## DATA EXCERPT
★ ★ ★ ★ ★

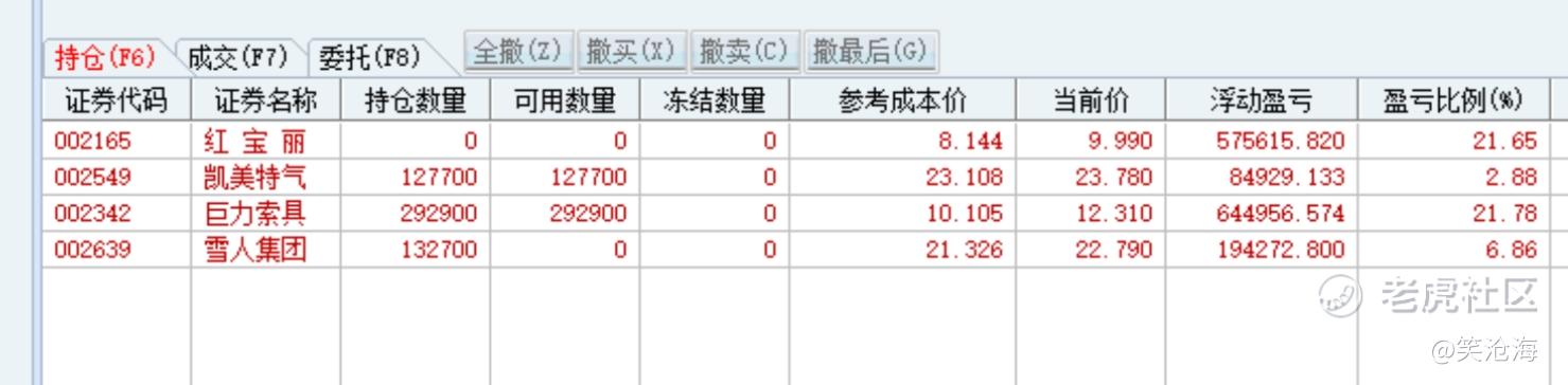 今天又是来回震荡的一天,没啥力度,除了早盘高开后冲高过一次,之后就是弱势震荡了,短期来说不算强,但从中长期角度,调整周期横而不跌,算是强势了,放在熊市早砸穿下方支撑了,而且个股普遍还不错,所以要从更大的格局看待目前的市场,没什么毛病,休整够了自然就继续上涨了$红宝丽(002165)$ $巨力索具(002342)$ $凯美特气(002549)$ $海天股份(603759)$ $雪人集团(002639)$
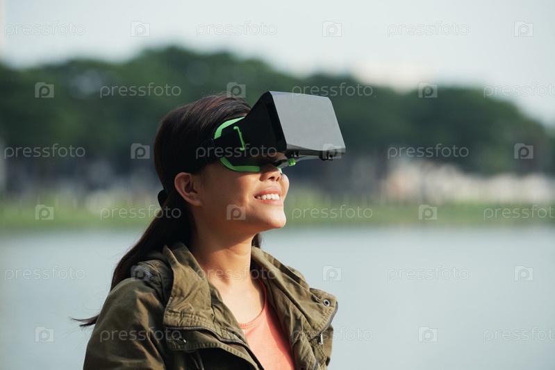 Радостная женщина в гарнитуре VR
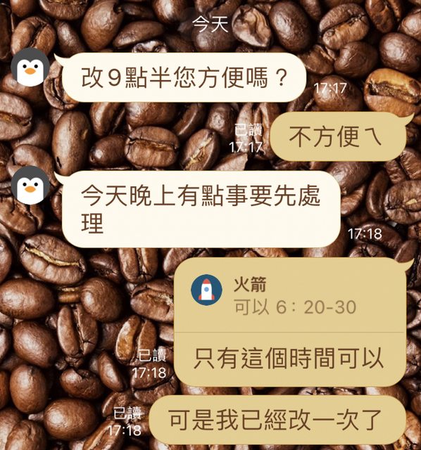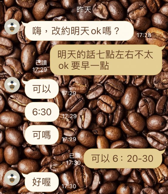 1/8 下午5:28傳訊臨時要求更改面交時間1/9 下午6:30→我同意

★ ★ ★ ★ ★

## YOUR OBJECTIVE
Copy the listing above in full and exactly, but omit each picture that it holds.

## ANSWER SPACE
 今天又是来回震荡的一天,没啥力度,除了早盘高开后冲高过一次,之后就是弱势震荡了,短期来说不算强,但从中长期角度,调整周期横而不跌,算是强势了,放在熊市早砸穿下方支撑了,而且个股普遍还不错,所以要从更大的格局看待目前的市场,没什么毛病,休整够了自然就继续上涨了$红宝丽(002165)$ $巨力索具(002342)$ $凯美特气(002549)$ $海天股份(603759)$ $雪人集团(002639)$
 Радостная женщина в гарнитуре VR
 1/8 下午5:28傳訊臨時要求更改面交時間1/9 下午6:30→我同意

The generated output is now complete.